CoreWeave’s transformation from a crypto miner to a large-scale AI infrastructure supplier highlights a broader shift in the best way computing assets are reused throughout know-how cycles.
In our newest e-newsletter, The Miner Magazine outlined how Ethereum’s transfer away from proof-of-work decreased the demand for GPU-based mining and began rising demand for computing, main corporations like CoreWeave to redeploy {hardware} in the direction of AI coaching and different high-performance computing workloads.
As beforehand reported by Cointelegraph, CoreWeave started its exit from crypto mining in 2019, first transferring to the cloud and high-performance computing, after which fully repositioning itself as a GPU infrastructure supplier for AI workloads.
Since then, this axis has been gaining momentum. Chipmaker Nvidia lately agreed to a $2 billion fairness funding in CoreWeave, a transfer that strengthens the corporate’s place as one of many largest impartial GPU infrastructure operators outdoors of main cloud suppliers, Miner Magazine mentioned.
CoreWeave’s development has additionally created vital liquidity for the corporate’s executives, who’ve made about $1.6 billion from inventory gross sales for the reason that firm’s preliminary public providing final March, Minor Magazine mentioned.

Coreweave (CRWV) inventory. Supply: Google Finance
Associated: Bitcoin Mining 2026 Prediction: AI Turnabout, Margin Stress, and Battle for Survival
From digital forex mining to AI knowledge facilities
The shift to AI workloads has confirmed worthwhile for a number of crypto miners, together with HIVE Digital, TeraWulf, Hut 8, and MARA Holdings.
Like CoreWeave, these corporations are repurposing vitality infrastructure and computing energy initially constructed for mining into knowledge facilities that assist AI and high-performance computing.
Nevertheless, AI knowledge facilities are beginning to face a number of the similar challenges that Bitcoin (BTC) miners encountered early on. As Cointelegraph lately reported, a number of areas with giant AI amenities are experiencing native opposition associated to energy consumption, grid pressure, and land use.

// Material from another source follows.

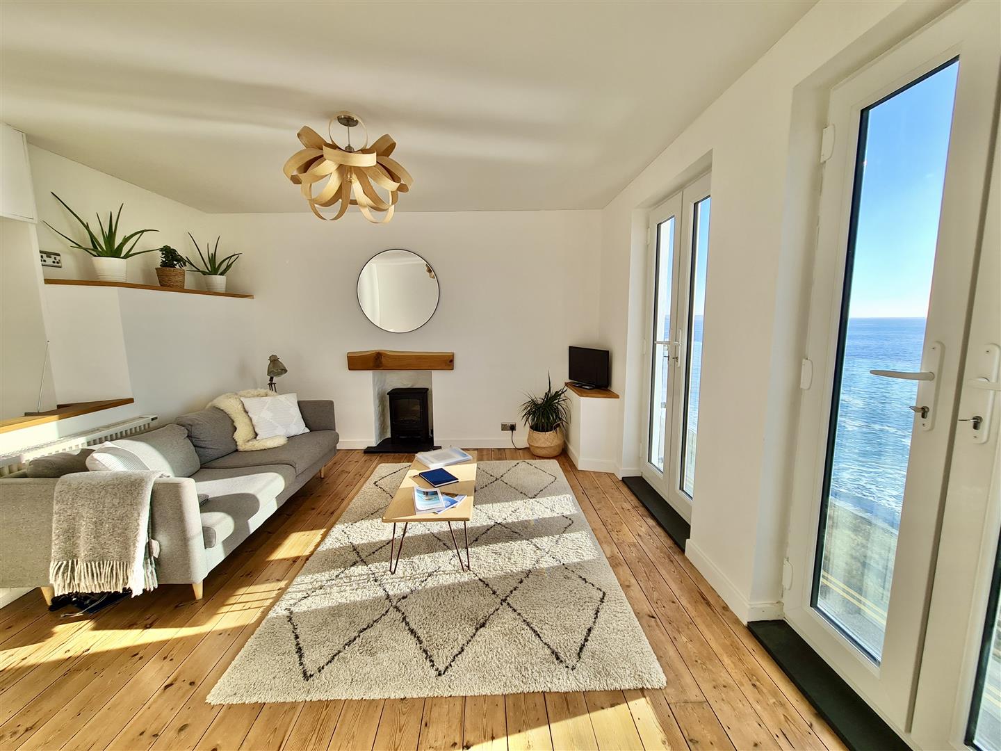 Lounge/Diner - 4.34m x 3.66m (14'3" x 12') - Enjoying simply stunning views out to sea, Porthleven Beach and towards the rugged Cornish coastline. French doors open to Juliet balconies to take full advantage of this fine outlook. The room has a wood floor, dining area and a feature fireplace with stone hearth and wood mantel over (not in working order). Stairs down to

Nonetheless, the market stays fluid. Information cited by Bloomberg based mostly on analysis by DC Byte reveals that 1000’s of latest entrants are getting into the information middle enterprise. By 2032, Large Tech corporations may have lower than 18% of the world’s computing energy, suggesting a extra fragmented and aggressive market.
If this development holds, AI knowledge facilities may more and more function outdoors of the direct management of enormous know-how corporations, much like cryptocurrency mining earlier than them.

As new operators enter the market, AI knowledge facilities might grow to be much less concentrated amongst Large Tech corporations. sauce: bloomberg
Associated: What position stays for distributed GPU networks in AI?